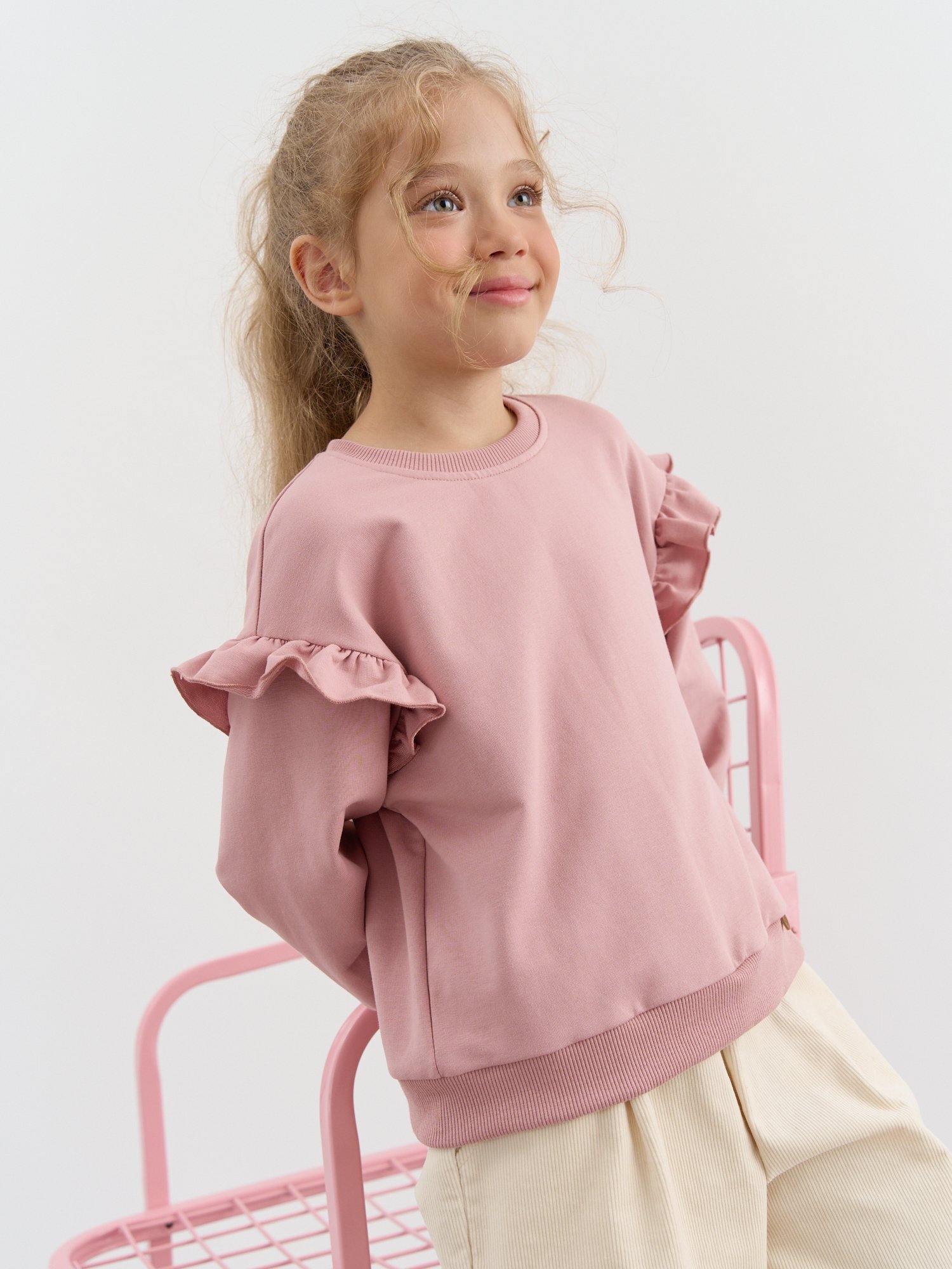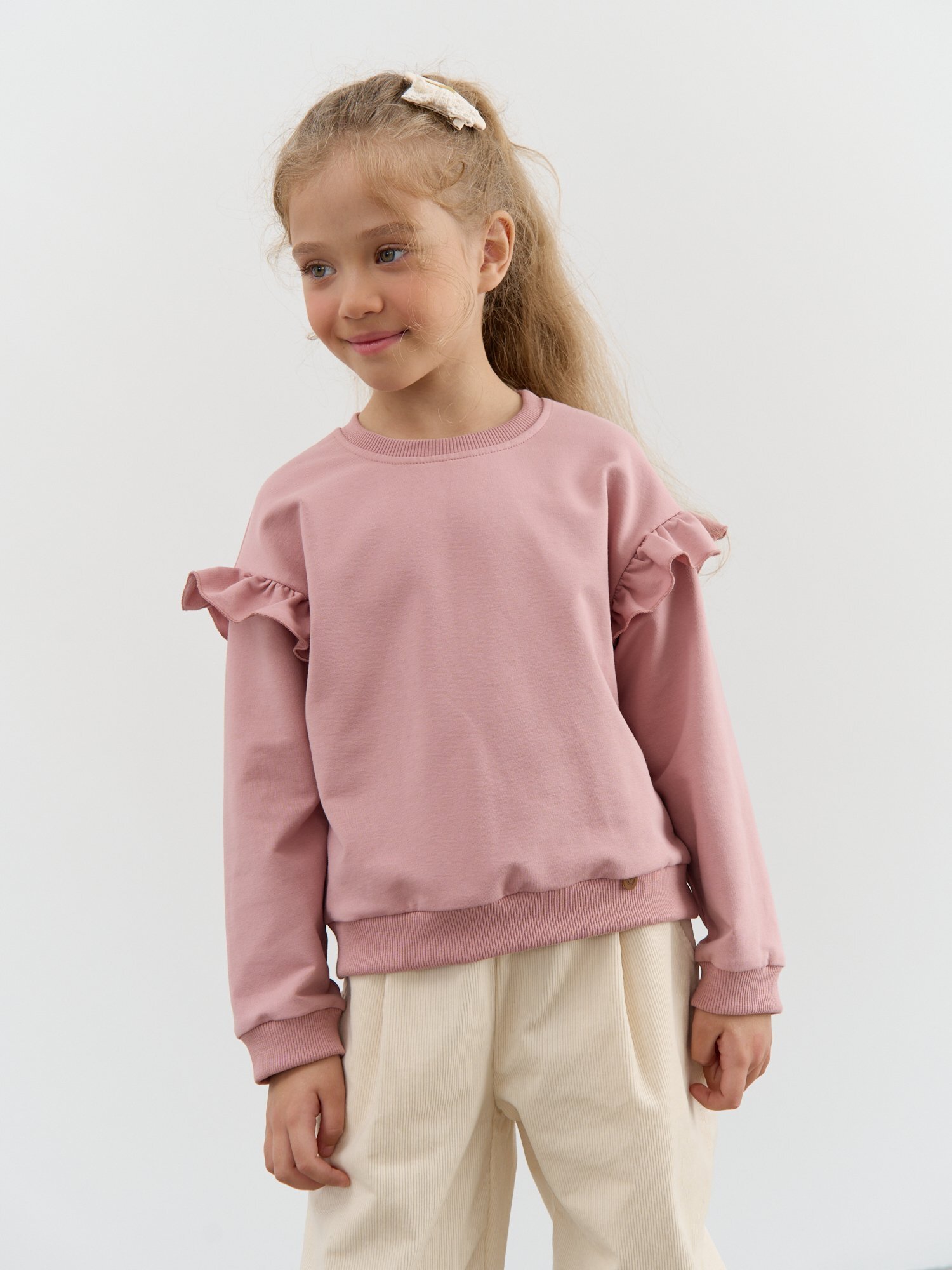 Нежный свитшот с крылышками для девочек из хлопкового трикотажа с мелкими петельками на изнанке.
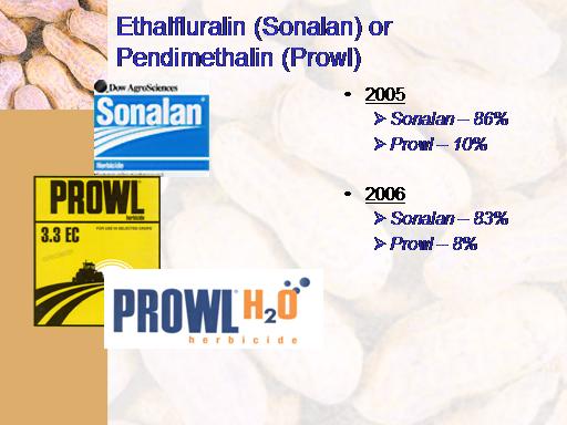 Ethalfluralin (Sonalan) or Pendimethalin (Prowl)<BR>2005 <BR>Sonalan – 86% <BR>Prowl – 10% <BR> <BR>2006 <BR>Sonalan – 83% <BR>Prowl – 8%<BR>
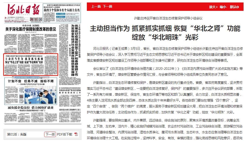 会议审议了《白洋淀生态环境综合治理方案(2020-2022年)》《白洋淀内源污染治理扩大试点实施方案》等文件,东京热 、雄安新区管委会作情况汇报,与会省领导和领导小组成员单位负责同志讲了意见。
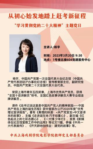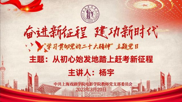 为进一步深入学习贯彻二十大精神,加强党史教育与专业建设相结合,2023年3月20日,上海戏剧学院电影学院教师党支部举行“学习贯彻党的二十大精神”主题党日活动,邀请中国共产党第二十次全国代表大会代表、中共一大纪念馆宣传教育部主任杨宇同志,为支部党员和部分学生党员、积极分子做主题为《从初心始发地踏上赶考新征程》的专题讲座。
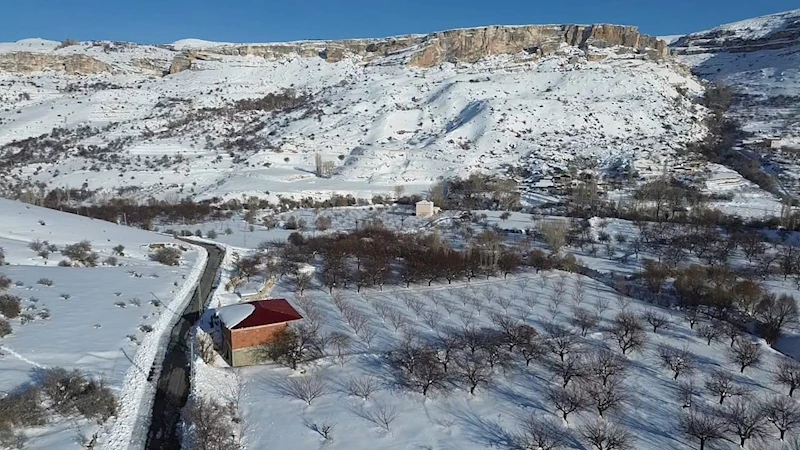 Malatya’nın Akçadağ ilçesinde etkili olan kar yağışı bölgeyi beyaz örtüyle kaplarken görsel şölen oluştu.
····················
■ TASK INSTRUCTIONS: Give every entry again verbatim, with no pictures.

■ THE ANSWER:
 Нежный свитшот с крылышками для девочек из хлопкового трикотажа с мелкими петельками на изнанке.
 Ethalfluralin (Sonalan) or Pendimethalin (Prowl)<BR>2005 <BR>Sonalan – 86% <BR>Prowl – 10% <BR> <BR>2006 <BR>Sonalan – 83% <BR>Prowl – 8%<BR>
 会议审议了《白洋淀生态环境综合治理方案(2020-2022年)》《白洋淀内源污染治理扩大试点实施方案》等文件,东京热 、雄安新区管委会作情况汇报,与会省领导和领导小组成员单位负责同志讲了意见。
 为进一步深入学习贯彻二十大精神,加强党史教育与专业建设相结合,2023年3月20日,上海戏剧学院电影学院教师党支部举行“学习贯彻党的二十大精神”主题党日活动,邀请中国共产党第二十次全国代表大会代表、中共一大纪念馆宣传教育部主任杨宇同志,为支部党员和部分学生党员、积极分子做主题为《从初心始发地踏上赶考新征程》的专题讲座。
 Malatya’nın Akçadağ ilçesinde etkili olan kar yağışı bölgeyi beyaz örtüyle kaplarken görsel şölen oluştu.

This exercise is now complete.